A total of 530 adolescents were included in the cluster analysis. Two cardiometabolic profiles were identified in the whole population (n = 530) and in males (n = 263) and females (n = 267) (Fig. 1). The two identified profiles— “healthy” and “at cardiometabolic risk”—showed similar pattern for the whole population and sub-populations. The sensitivity analysis revealed that the classification of adolescents remained unchanged whether or not their profiles were created based on their fasting status. Moreover, no variation in the fasting status was observed between the “at cardiometabolic risk” and “healthy” profiles, regardless of the population. Compared to the “healthy” profiles, the “at cardiometabolic risk” profiles were characterised by a significantly higher weight, height, BMI, waist and hip circumference, and body fat mass, and a lower muscle and lean mass. The “at cardiometabolic risk” profile included all the participants with obesity and overweight, and a higher proportion of those with a waist-to-height ratio > 0.5 and prehypertension. In the whole population, a higher proportion of participants in the “at cardiometabolic risk” profile had low HDL. In the whole and male populations, the “at cardiometabolic risk” profiles included a higher proportion of participants with hypertriglyceridemia. Weight was the most discriminating variable, explaining 77% to 81% of the group differences. For the overall and female populations, WC was the second most discriminating variable, adding 8% and 6%, respectively, to the explanatory power. In the male population, waist-to-height ratio was the second most discriminating variable, adding 12% to the explanatory power.
The mean cMetS risk score of participating adolescents was − 0.12 (± 0.5). In all populations, those in the “at cardiometabolic risk” profiles had a significantly higher cMetS risk score than those in the “healthy” profiles (Table 3). In addition, their parents were more likely to live with obesity and overweight and have cardiometabolic diseases. Those in the “at cardiometabolic risk” profile had a higher birthweight and an earlier adiposity rebound, puberty, and menarche age. Finally, relative handgrip strength was significantly lower among those in the “at cardiometabolic risk” profiles.
Discussion
Key results
To our knowledge, this is the first study to describe MetS in an urban population of adolescents in France. The prevalence of MetS in this Parisian population varies from 0.2% to 1.3% depending on the definition considered. Using unsupervised k-means classification, two different groups were identified based on their cardiometabolic health status. The profiles for these two groups differed in terms of their cMetS risk score and were associated with known early determinants of cardiometabolic health as well as handgrip strength, a predictor of overall health.
Strengths and limitations
This study has several strengths, notably the use of an unsupervised approach (without any a priori assumptions), which, has not been previously applied in this context. This enabled the identification of several cardiometabolic profiles based on well characterised anthropometric, clinical, and biological data. Moreover, health data were collected during a standardised medical examination performed by the same medical team, and biological assays were performed in a single laboratory, thereby reducing measurement and classification bias. This study benefited from the prospective data collected throughout the follow-up of the cohort (birthweight, adiposity rebound age, parental cardiometabolic history, and parental BMI).

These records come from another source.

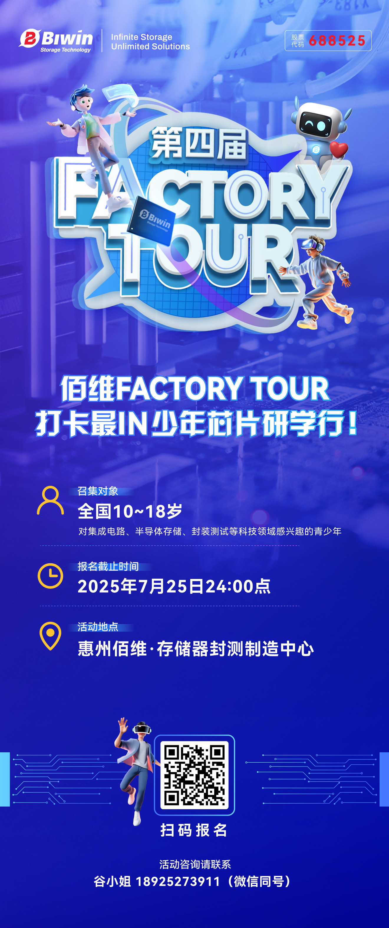 第四届佰维存储 FACTORY TOUR 如约而至,佰维存储诚邀您一起走进半导体的世界,共赴这场属于青春与科技的盛会,见证“芯”时代的每一次跃升!
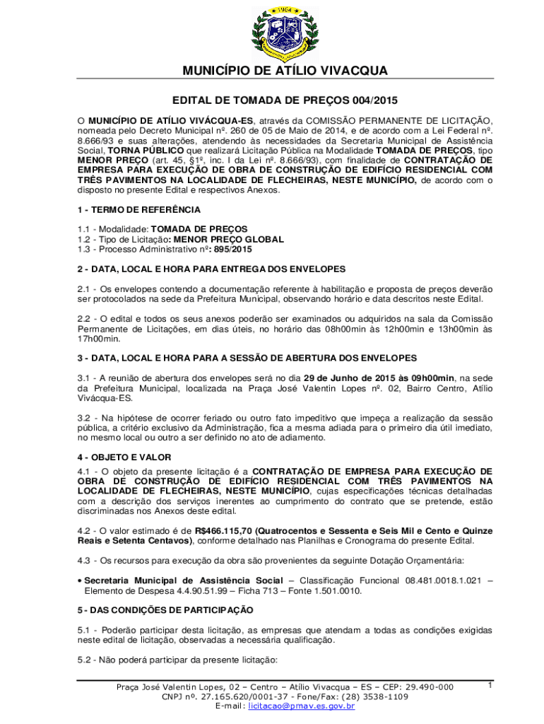 MUNICPIO DE ATLIO VIVACQUA EDITAL DE TOMADA DE PREOS 004/2015 O MUNICPIO DE ATLIO VIVCQUAES, atravs da COMISSO PERMANENTE DE LICITAO, nomeada pelo Decreto Municipal n. 260 de 05 de Maio de 2014, e
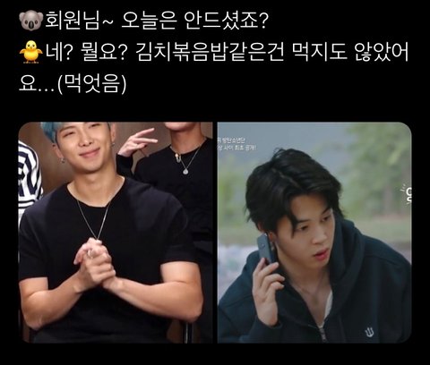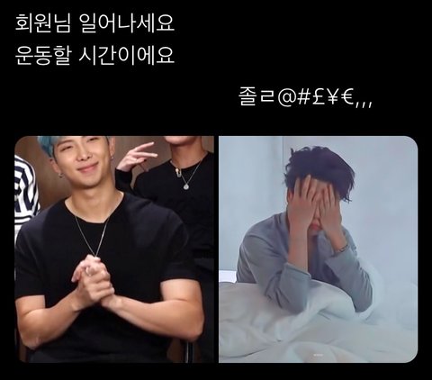 억지로 자고 있는 지민 회원님 끌고 pt 하러와서 혼자만 신나고 체력 넘치는 헬스트레이너 남준 같음 ㅋㅋㅋㅋ
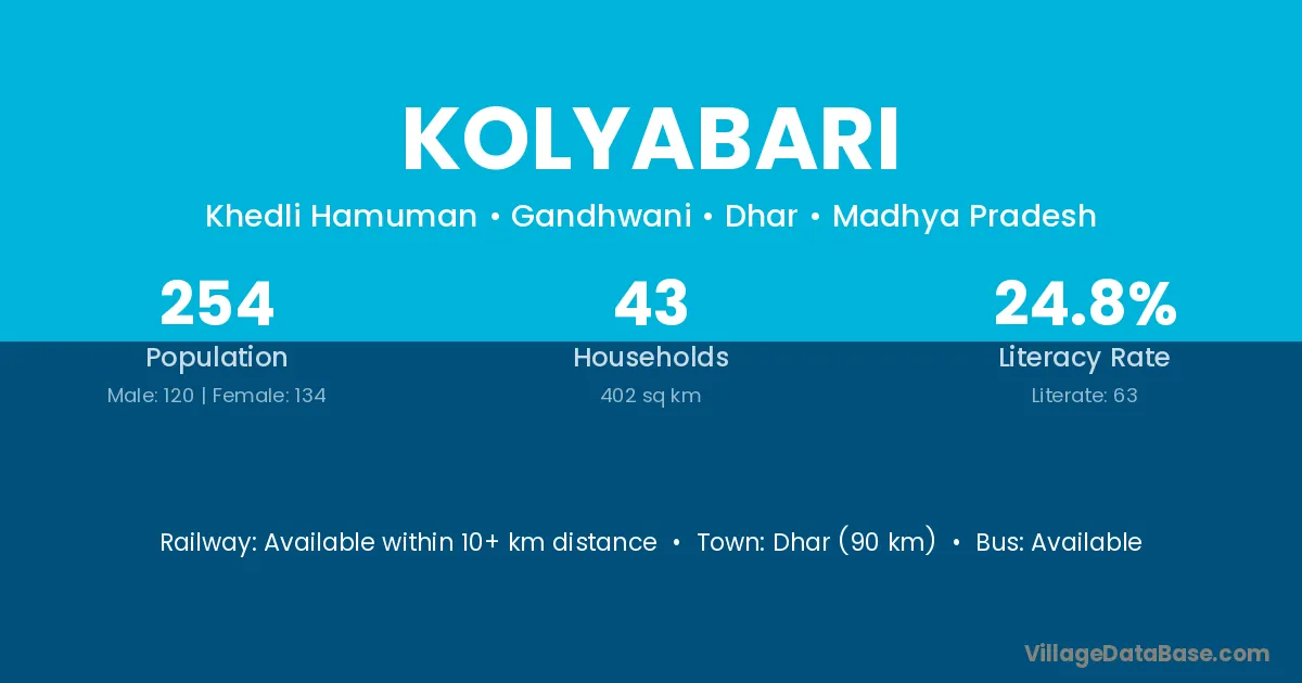 Dhar (90 km) is the nearest town to Kolyabari village for major economic activities and is located approximately 90 km away.
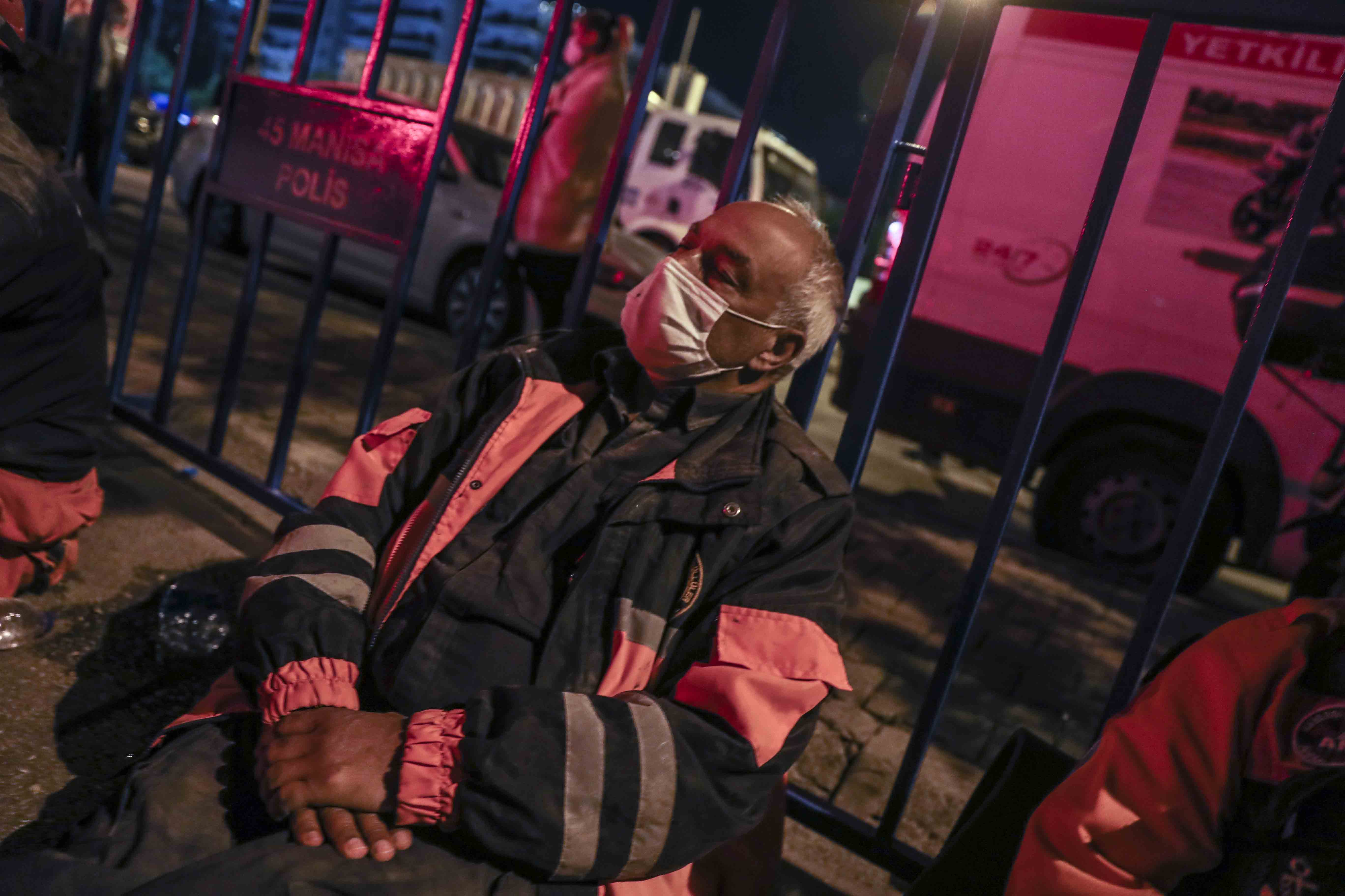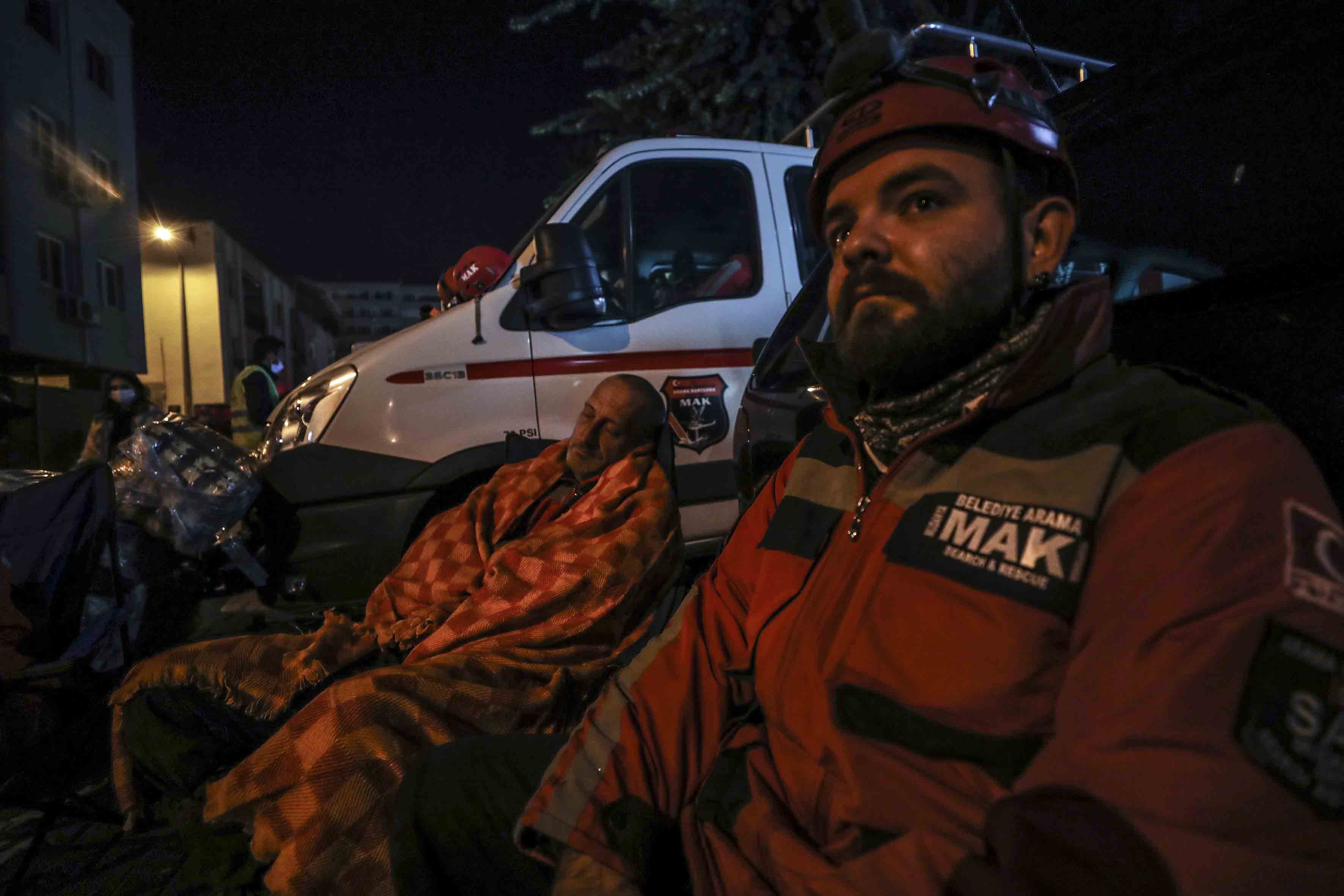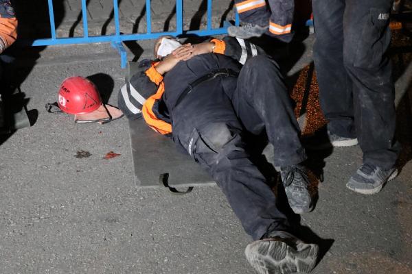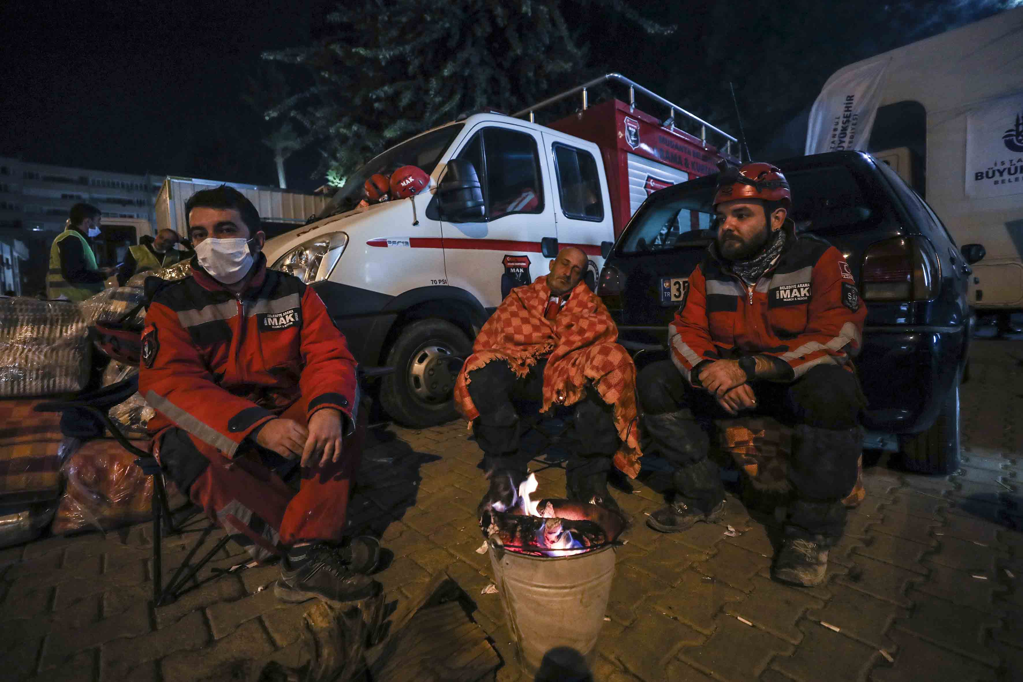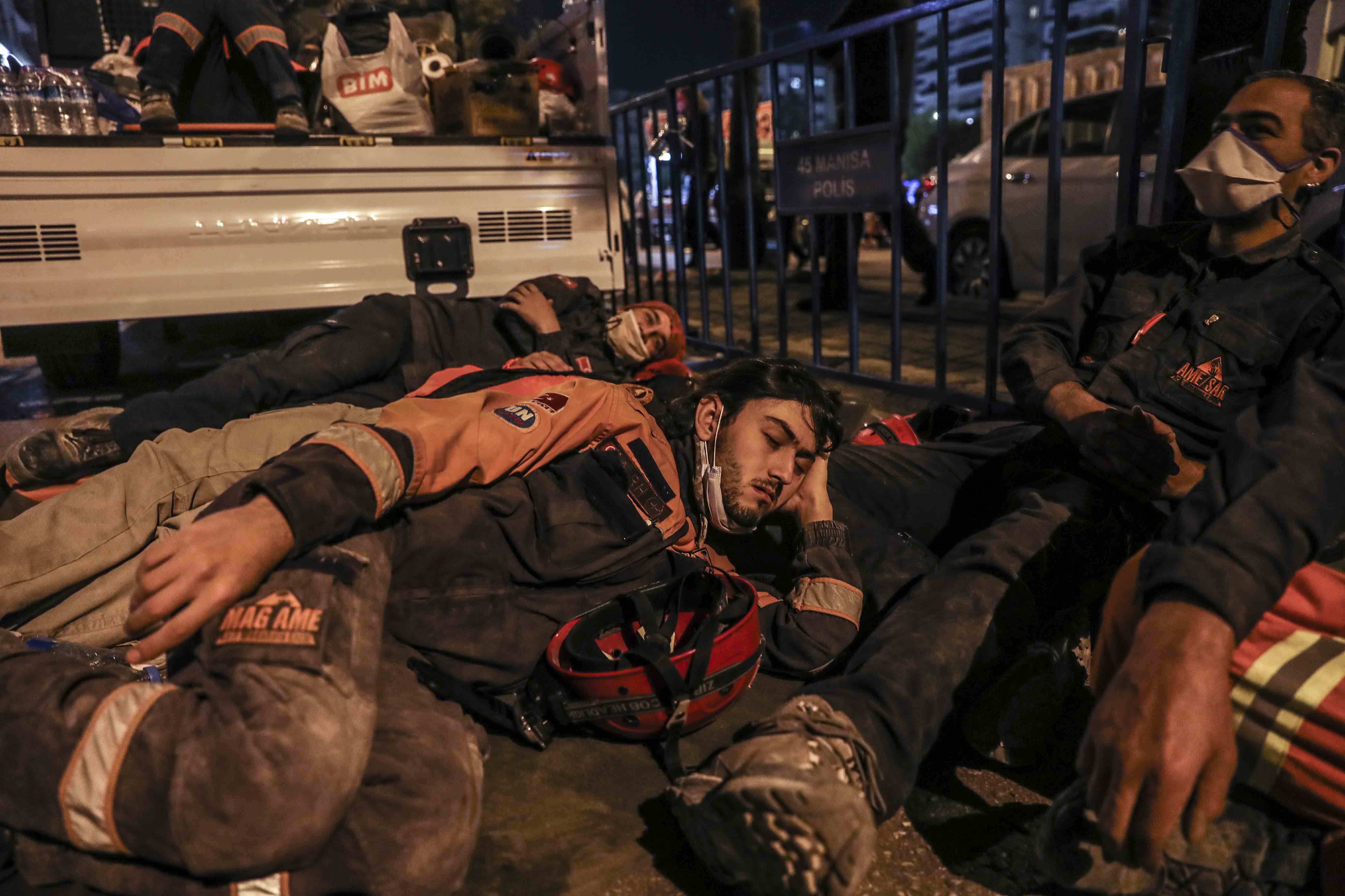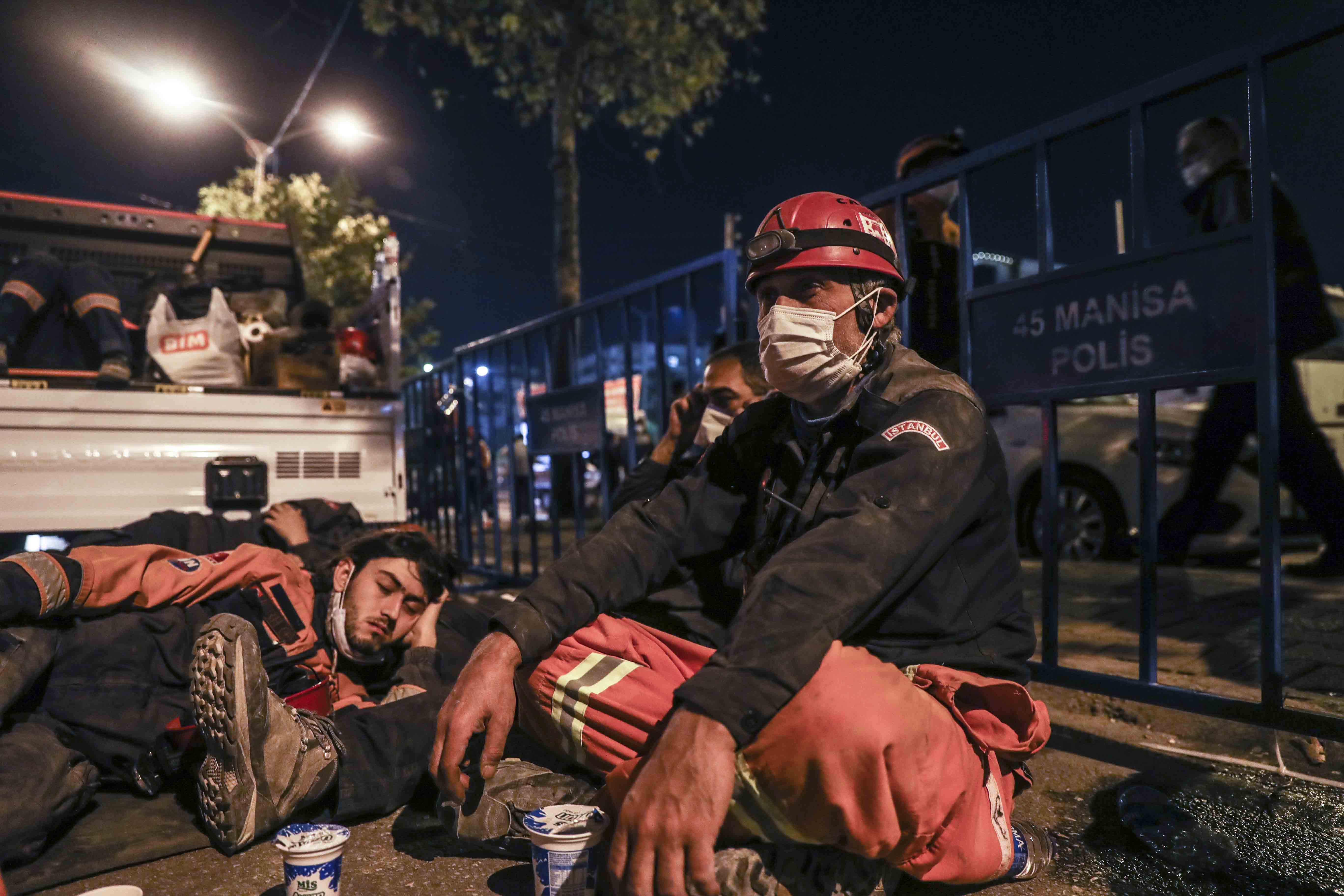 Dönüşümlü olarak çalışan ekipler, arama kurtarma faaliyetlerinin sürdüğü alanda dinlenmeye çalışıyor.

This study has also limitations. Approximately one-third of adolescents still followed in the PARIS birth cohort attended the health check-up at 15–16 year-olds. This was primarily due to logistical constraints (half a weekday check-up, COVID-19 lockdown…). As often observed in cohort follow-up involving health examination, participating adolescents were from families with a higher SES than non-participants; and SES is a well-known risk factor for cardiometabolic health [21]. Finally, fasting status varied among adolescents, health check-ups taking part either in the morning or in the afternoon, but sensitivity analysis showed that it had no impact on profile determination.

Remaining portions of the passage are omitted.